China recently changed regulations for iron ore inspections, which were initially seen by some to be targeted at Australian imports. However, Thompson said that given the constraints on Brazilian supply, the move was unlikely to be aimed only at Australian imports.
“Placing restrictions on Australian iron ore imports would hurt domestic steel producers just as the Chinese government is directing stimulus money into construction and infrastructure,” said Thompson, who added there is “no disruption yet to Australia-China iron ore trade.”
In fact, Australian miners are operating at capacity and struggling to increase output due to infrastructure and capacity constraints, he said.

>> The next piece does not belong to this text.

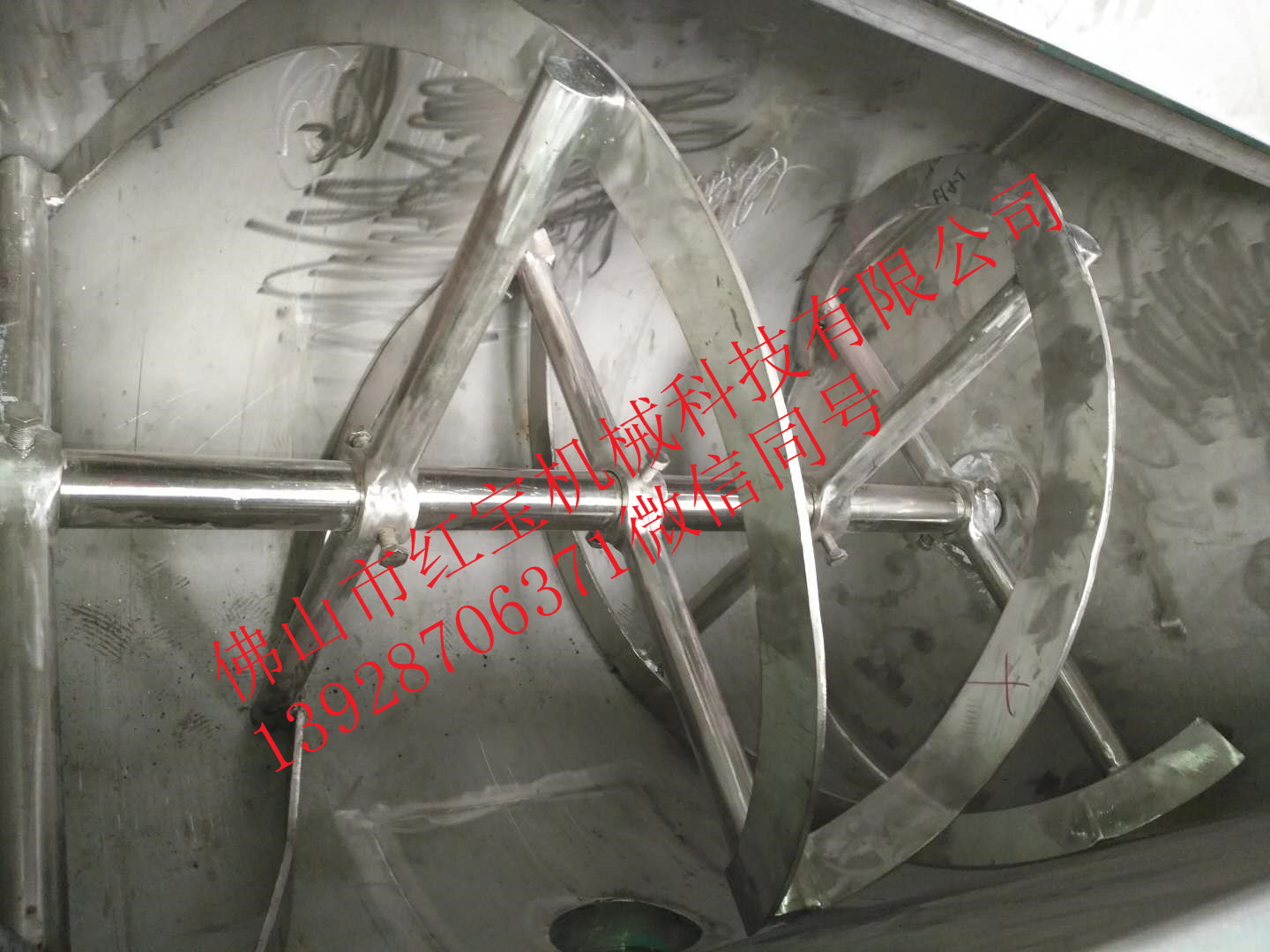1、主軸上布置雙層螺旋葉片,內(nèi)部螺旋將物料向外側(cè)輸送,外部螺旋將物料向內(nèi)部聚集。物料在雙層螺旋帶的對(duì)流運(yùn)動(dòng)下,形成一個(gè)低動(dòng)力高效的混合環(huán)境。本混合物料能夠在較短時(shí)間內(nèi)均勻混合無死角。

Spot iron ore prices have jumped from around $80 a metric ton at the beginning of March to breach $100 a ton now.
Possible headwinds for coal and LNG
The picture for coal is more mixed as China is far more self sufficient in the fossil fuel compared to iron ore, raising the risks that China could target coal imports from Australia.
There are two main types: metallurgical coal used in steel making, and thermal coal that’s widely used to generate power and electricity.
If there are restrictions on metallurgical coal, it has yet to show up in the trade numbers.
In the first four months of the year, Chinese imports for metallurgical coal hit 28 million tons — that’s more than half of the 52 million tons China imported for the whole of 2019, according to Wood Mackenzie. Over 80% of China’s metallurgical coal imports are sourced from Australia.
The situation could be different in the thermal coal market, where rumors of Chinese restrictions on that category of Australian produce have surfaced.
Diversifying away from Australia will be particularly appealing given that the country accounted for around 40.0% of China’s total mining imports in 2019.
As for LNG, imports through May were up almost 9% than a year ago, in part as demand recovered after the worst of the pandemic appeared to be behind China. “Moves against Australian LNG look an unlikely prospect given the scale and contracts in place,” said Thompson.
LNG contracts are traditionally locked in for 10 to 20 years.
China may seek new sources
Even though China may not have much wiggle room where it can source important commodities right now, the country will likely ramp up investments to ensure it secures future supplies.
China will do that by diversifying its sources and accelerating its mining investment under the mega Belt and Road infrastructure project in the next five years, Fitch Solutions said in a June report. It comes against the backdrop of more and more governments, such as the U.S. and Australia, as well as the European Union, step on the screening of Chinese investments in recent years.
“In particular, we expect the investment appeal of Sub-Saharan Africa (SSA) to Chinese firms will increase as diplomatic relations between China and developed markets deteriorate,” Fitch analysts said.
“Diversifying away from Australia will be particularly appealing given that the country accounted for around 40.0% of China’s total mining imports in 2019,” they added.
Possible sub-Saharan African markets China could intensify investments include Guinea for iron ore and South Africa for coal.